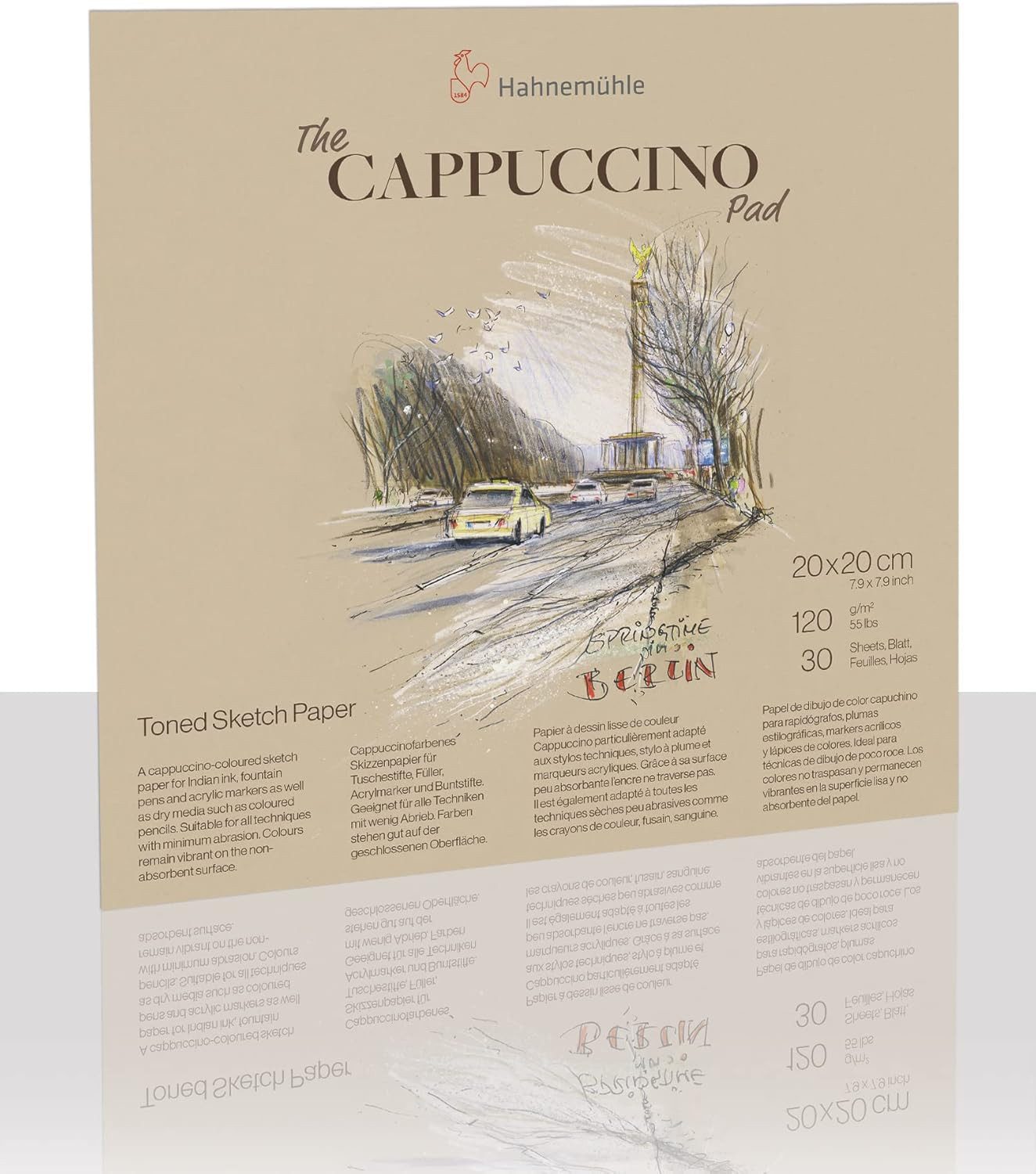Hahnemühle The Cappuccino Pad, 120g/m², 30 Blatt/60 Seiten, Skizzenpapier, getöntes Zeichenpapier (20 x 20 cm) Die Tönung des cappuccinofarbenen Papiers erinnert an frisch aufgeschäumten Milchkaffee und bietet deinen warmen Motiven einen hervorragenden Untergrund. Die sanfte Tönung des 120 g/m² schweren Papiers unterstreicht super die Leuchtkraft deiner farbigen Stifte. Zudem stehen Farben gut auf den getönten Papieren. Das glatte Skizzenpapier mit geschlossener Oberfläche ist perfekt für Tintenstifte, Füllfederhalter, Buntstifte, Acrylmarker oder andere wasserbasierte Stifte. Die 30 Blätter im kopfgeleimten Block bilden auch gerahmt einen schönen Blickfang an deiner Wand.
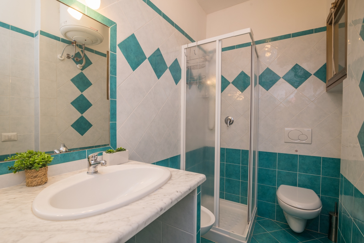 Bathroom: The tiled bathroom is equipped with a shower, a bidet, a washbasin and a WC
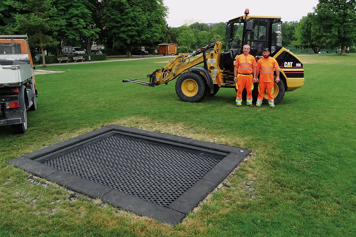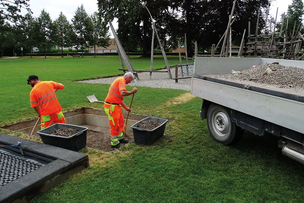 Les deux collaborateurs du Département d’aménagement urbain Rheinfelden, Stefan Maurer et Remo Hofmann, sont déjà sur place tôt le matin. A cette heure-ci, il n’y a encore personne sur l’aire de jeux, ce qui est voulu. Selon Maurer, les chargeuses sur pneus et leurs travaux sont toujours une attraction pour le public et sont particulièrement admirés par les enfants. Toutefois, pour des raisons de sécurité, cela pourrait devenir problématique lorsque des enfants s’approcheraient trop près de l’événement.
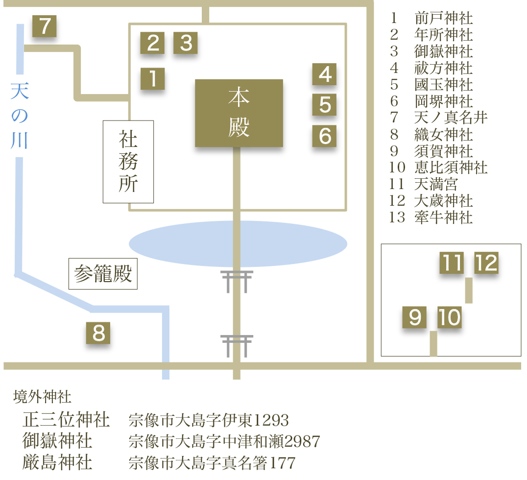 | 3. | 御嶽神社 みたけじんじゃ 御嶽大神、息送大神、息正三位大神、和加大神、九日大神、濱宮大神、御衣代大神、河上大神、龍王大神、五位大神、所主大神 |
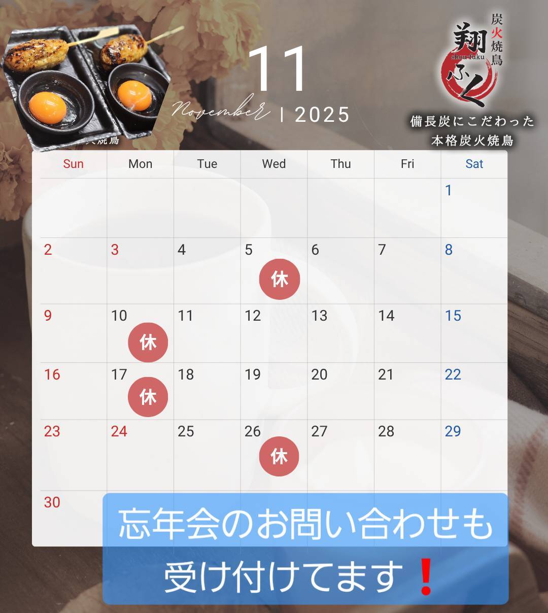 2025.11.01 休業日 11月の店休日 11月の店休日予定ですm(__)m5日(水)10日(月)17日(月)26日(水)ご来店前に確認をお願い致します。席の予約や飲み放題付き宴会ご予約も承ってます。※早期、忘年会予約もお問合せください。 ≫ PDFを開く
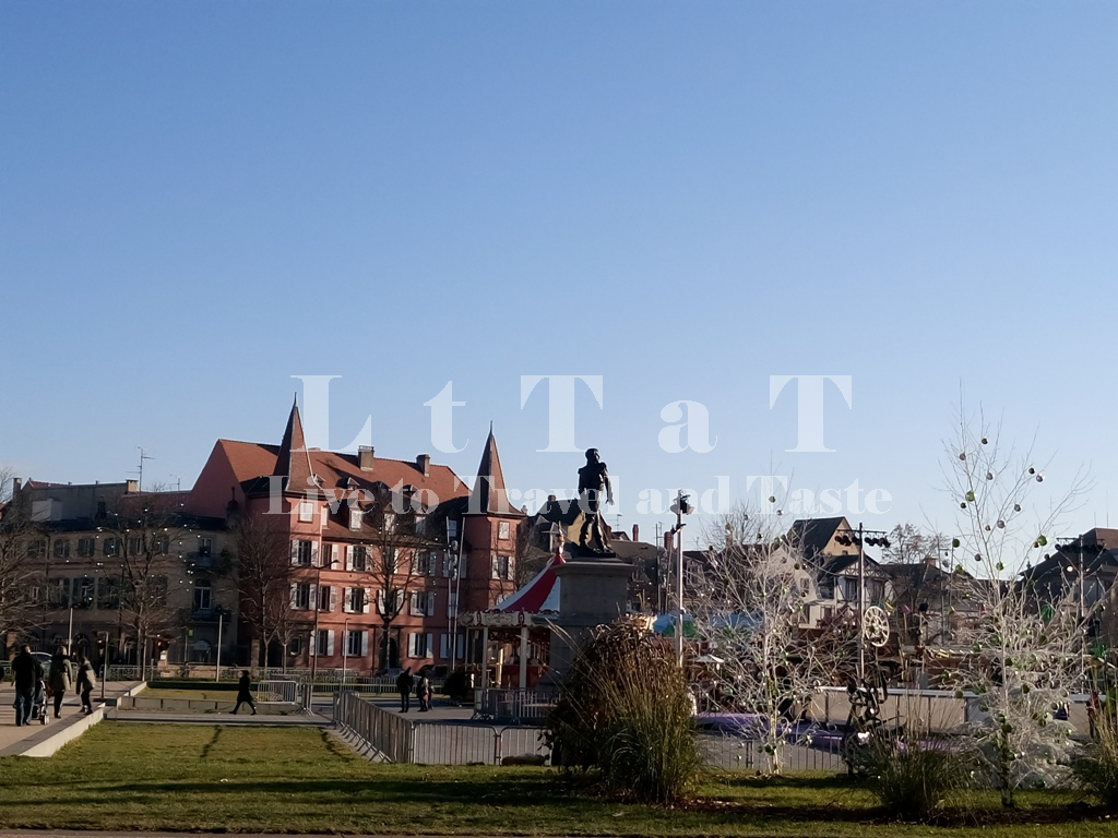 Το άγαλμα του στρατηγού Rapp διακρίνεται εν τω μέσω της χριστουγεννιάτικης διακόσμησης της πλατείας…
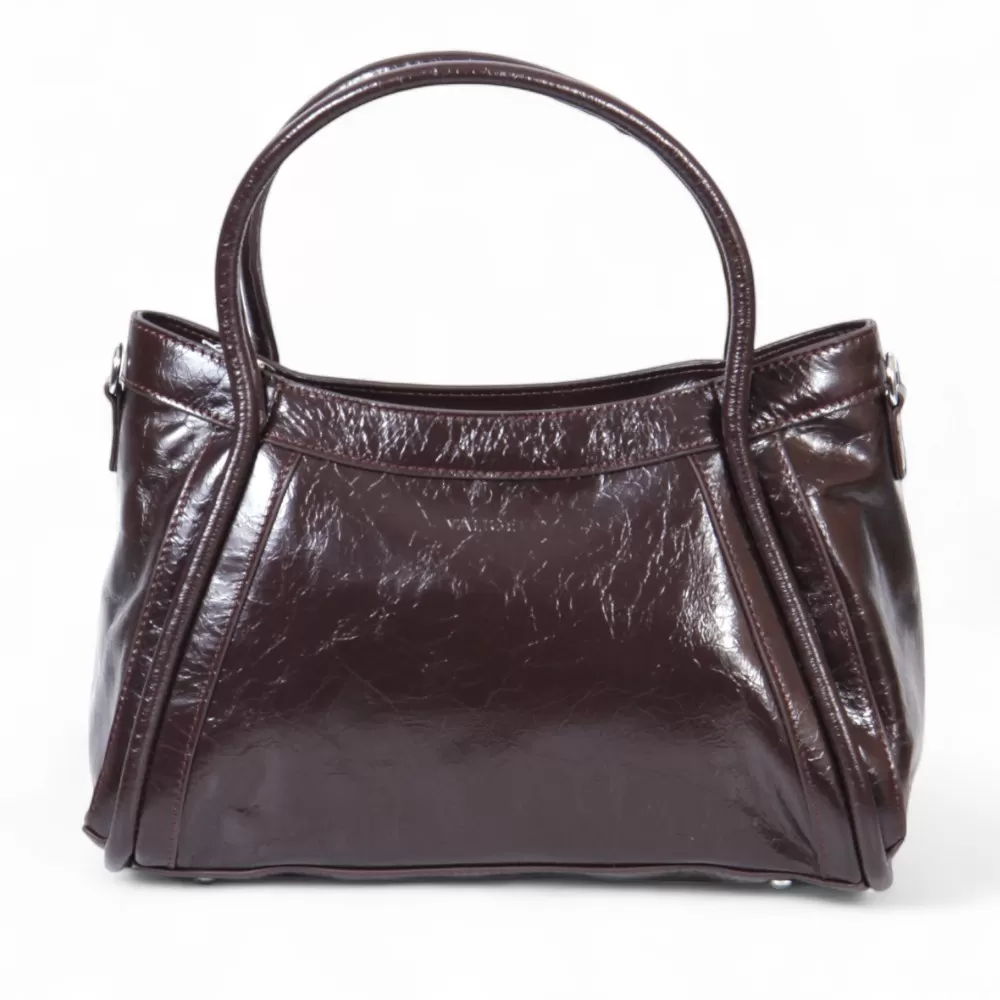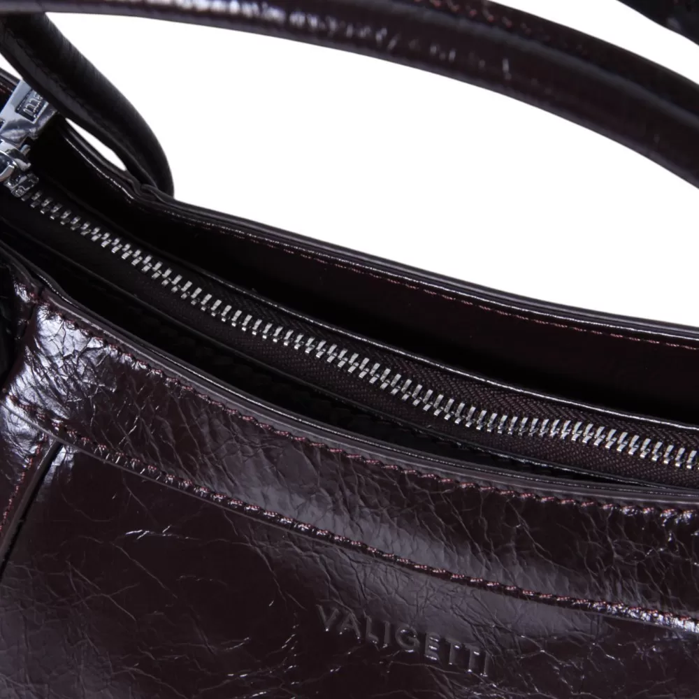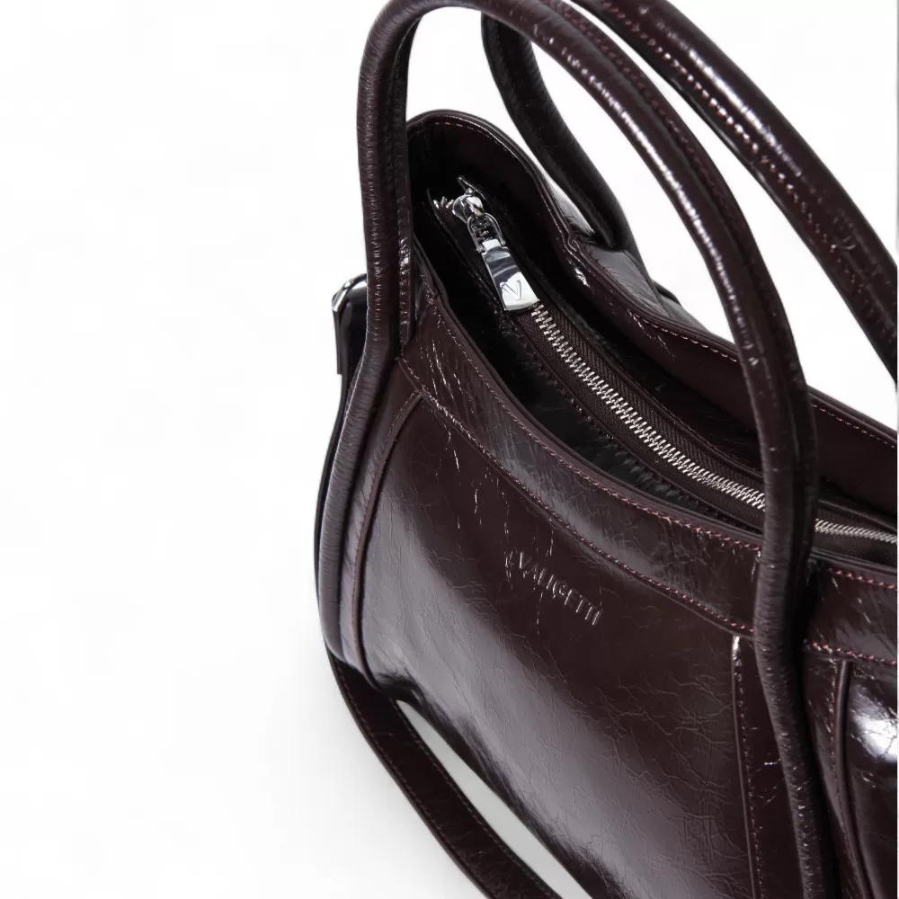 Сумка Valigetti изготовлена из натуральной кожи темно-бордового оттенка. У модели длинные ручки (40 см) и съемный плечевой ремень (120 см). На задней стороне сумки расположен горизонтальный карман с молнией для быстрого доступа. Внутри есть одно основное отделение с молнией, фирменный подклад, накладной карман и отдельный карман на молнии. У сумки есть ножки для защиты от загрязнений и износа.

• • • •

_WORK TO BE COMPLETED_. Nothing but the lines from the one containing "Το άγαλμα του" through the end of the listing should be written out, each exactly, and pictures must be left out.

_COMPLETED TASK_.
 Το άγαλμα του στρατηγού Rapp διακρίνεται εν τω μέσω της χριστουγεννιάτικης διακόσμησης της πλατείας…
 Сумка Valigetti изготовлена из натуральной кожи темно-бордового оттенка. У модели длинные ручки (40 см) и съемный плечевой ремень (120 см). На задней стороне сумки расположен горизонтальный карман с молнией для быстрого доступа. Внутри есть одно основное отделение с молнией, фирменный подклад, накладной карман и отдельный карман на молнии. У сумки есть ножки для защиты от загрязнений и износа.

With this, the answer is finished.